More and more regimes across the world are using Western-made ‘lawful intercept’ software to spy on their own citizens, a brand new report has revealed.
Citizen Lab, a digital research unit at the University of Toronto, says that servers running notorious FinFisher software have been found in eleven new countries over the past year, bringing the total number of states where servers have been detected to 36.
FinFisher is an "IT intrusion and remote monitoring solution"< that is "solely offered to law enforcement and intelligence agencies", according to its makers Gamma International. Behind the euphemisms is a toolkit of malware which can infect a user’s computer or phone and then track his movements, record his conversations, and steal his confidential documents and passwords.
It is produced by Gamma International, an Anglo-German company registered in the British Virgin Islands. It first rose to prominence two years ago when documents published on whistleblower website Wikileaks revealed that the Egyprian security services during the regime of Hosni Mubarak paid over $350,000 to use the software.
Citizen Lab says ‘permissive’ standards are used by Gamma International and other publicity-shy companies in the largely unregulated spyware market. They also argue that the term ‘lawful intercept’ – which allows the companies to sell hacking software without being arrested – is just a fig leaf.
“There is nothing inherently lawful about the capabilities of these tools. They are simply trojans sold to states, not individuals,” declares the report.
The newest detection scan by Citizen Lab, which was aided by sympathetic anti-malware producers (whose software Finfisher successfully evades) showed that fresh servers have appeared in Hungary, Turkey, Romania, Panama, Lithuania, Macedonia, South Africa, Pakistan, Nigeria, Bulgaria and Austria.
Citizen Lab says the location of the servers does not necessarily mean they are being operated by governments in those countries, but they also point out that the true number of clients may be much higher than the scan has revealed, as Gamma International constantly tries to conceal the signature of its servers.
In any case, recent examples of Finfisher being used unethically, and possibly illegally are plentiful.
In Morocco Mamfakinch, a website critical of the government, was infiltrated through software posing as popular browser Mozilla Firefox.
Somewhat ironically, anti-government activists in Bahrain were targeted with a fake email attachment that alleged to shed the latest information on state-sanctioned torture.
In Malaysia, politically active internet users were monitored after they clicked on a list of candidates in the upcoming presidential election.
“The 20th century is rife with politically motivated abuse of electronic surveillance that runs contrary to legal and constitutional protections. There is no reason to suspect that remote intrusion and surveillance software
isn’t subject to the same temptations,” say the reports authors.

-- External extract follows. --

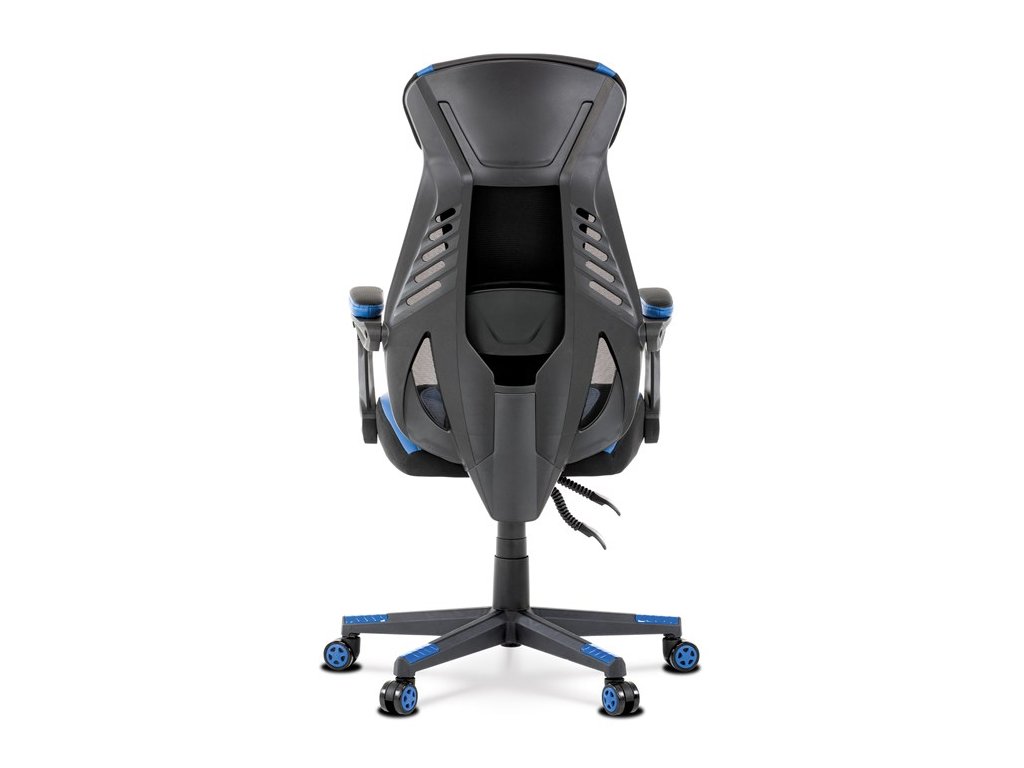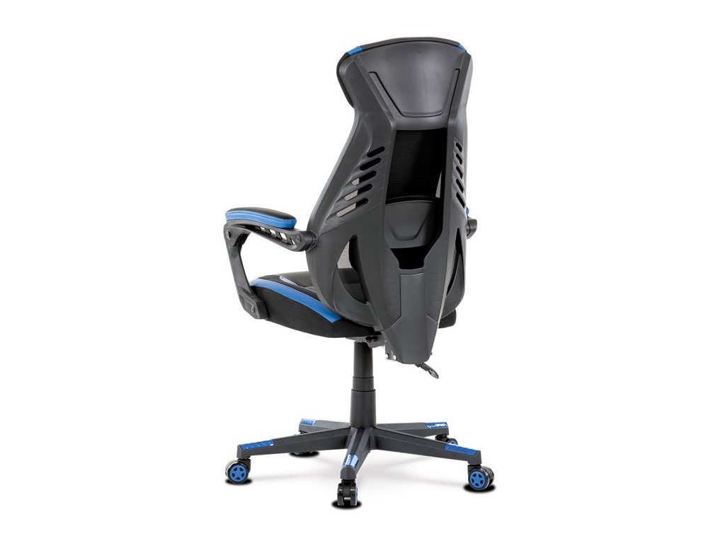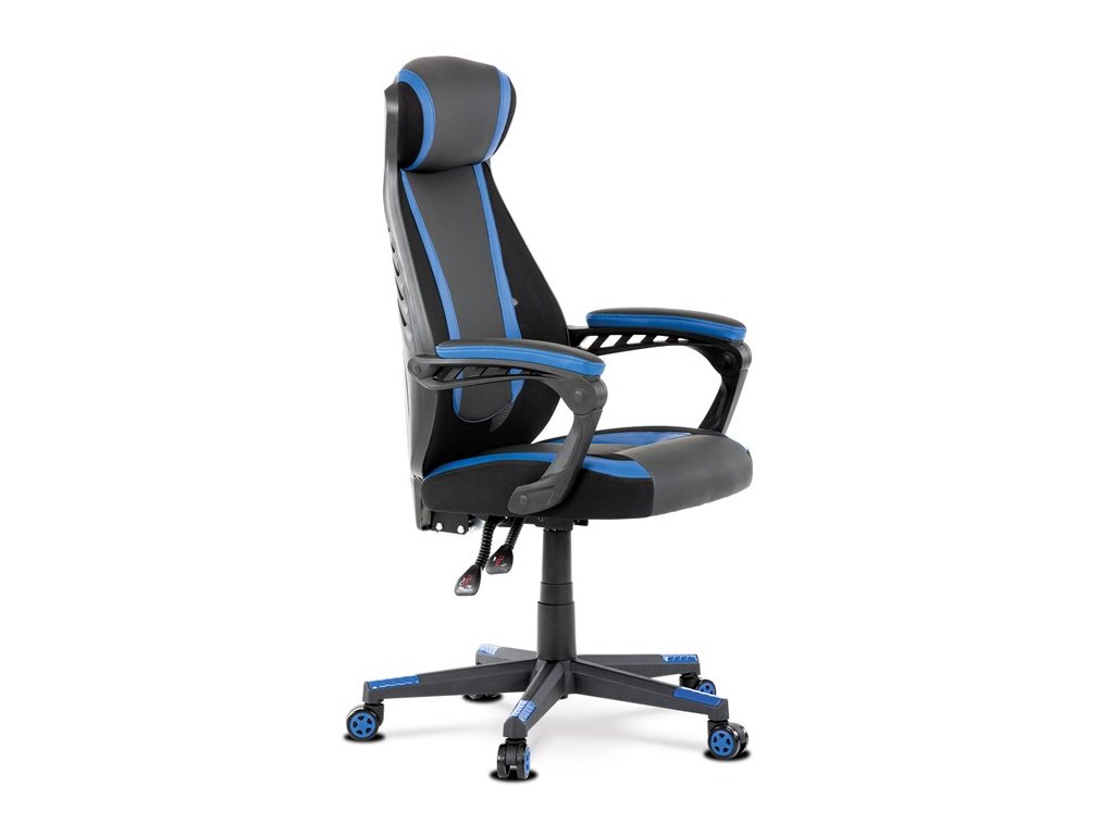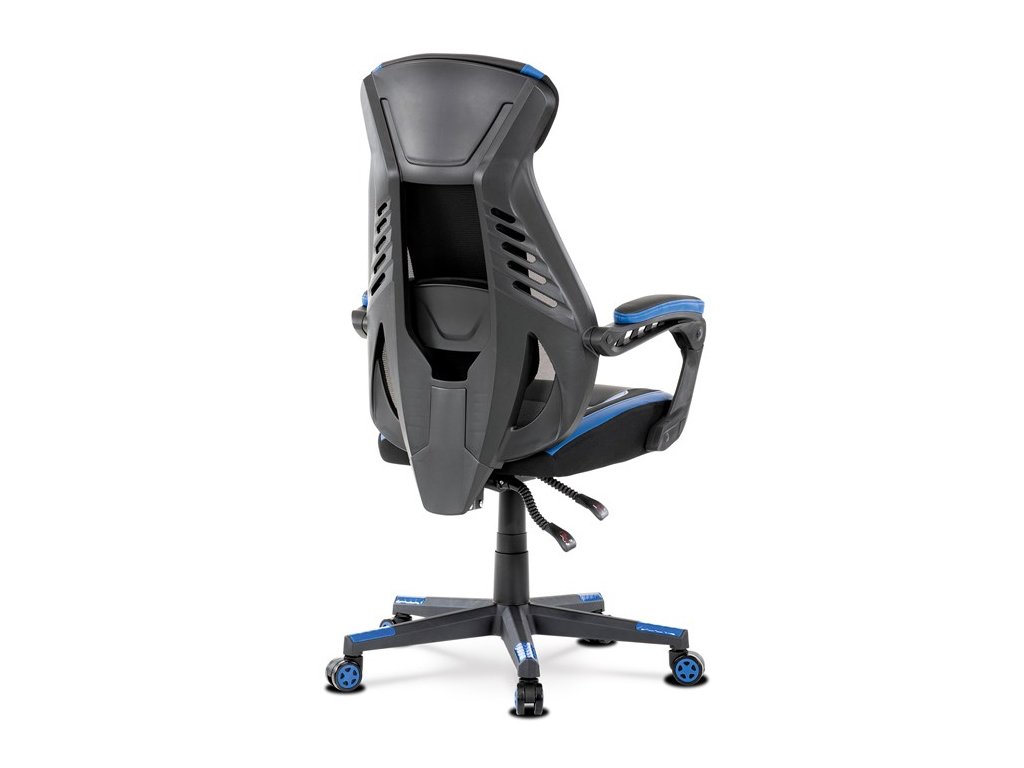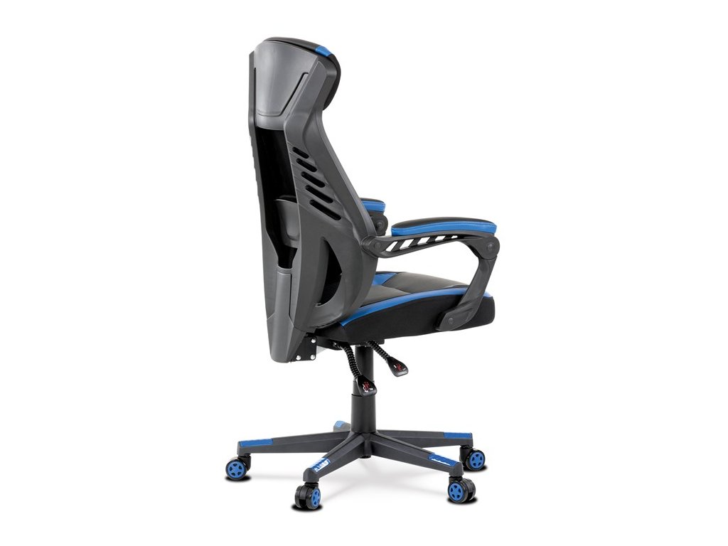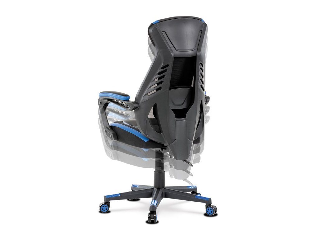 Luxusní herní a kancelářské křeslo z kolekce TOP racing. Jedná se o moderní designové křeslo, navržené nejen pro náročné požadavky PC hráčů, ale je uzpůsobené i pro standardní kancelářskou práci. To vše v maximálním pohodlí a při dokonalé ergonomii sezení. Potah je kombinací modré a černé perforované ekokůže na sedáku i opěráku, černé síťoviny MESH a černé, jemně hrubé látky látky na sedáku i bocích opěrky hlavy. Opěrák je černý plastový výlisek ve futuristickém designu. Výplň sedáku i hlavové opěrky je z velmi kvalitní a tuhé PU pěny, vyztužení a pružnost zajišťují látkové popruhy. Křeslo je vybaveno houpacím mechanismem s plynulou aretací. Při vypnutí je možné se s opěradlem volně pohupovat. Výška sezení se upravuje jednou páčkou na pravé straně přes kvalitní plynový píst. Poloha opěráku se nastavuje druhou páčkou, umístěnou rovněž na pravé straně křesla. Masivní černý plastový kříž s modrými protiskluzovými plastovými doplňky je osazen černými plastovými kolečky pr. 6 cm s modrým racing středem a gumovým obvodem ideálními na tvrdé podlahy. Se stabilitou celých 70 cm průměru kříže si můžete dovolit i ty nejnáročnější hry. Vysoký, prodyšný a ergonomicky navržený opěrák s integrovanou zesílenou opěrkou hlavy, polstrovanou a výškově nastavitelnou bederní opěrkou slouží nejen jako výborná opora celých zad a také podporuje správné držení páteře. Područky jsou plastové, polstrované a potažené modrou a černou ekokůží. Šíře je 7 cm, délka ložné plochy 33 cm a výška 3 cm. Při sklápění sedáku se pohybují a kopírují jeho pohyb a polohu. Nosnost židle je až 130 kg.

Instead, of lofty words, the Mozilla Foundation, which produces Firefox, has sent a cease-and-desist order to Gamma International. On its blog it said the company "uses our brand and trademarks to lie and mislead as one of its methods for avoiding detection and deletion" while its software is "used by Gamma’s customers to violate citizens’ human rights and online privacy”.
But Citizen Lab has called not for piecemeal defensive legal moves, but a new level of supervision for the shadowy commercial surveillance industry, estimated to be worth $5 billion. It hopes its attempt at a comprehensive study, reveals the scale of the problem.
“The proliferation of increasingly powerful commercial surveillance tools has serious implications not just for dissidents and activists, but for all of us, no matter our citizenship,” the report summarizes.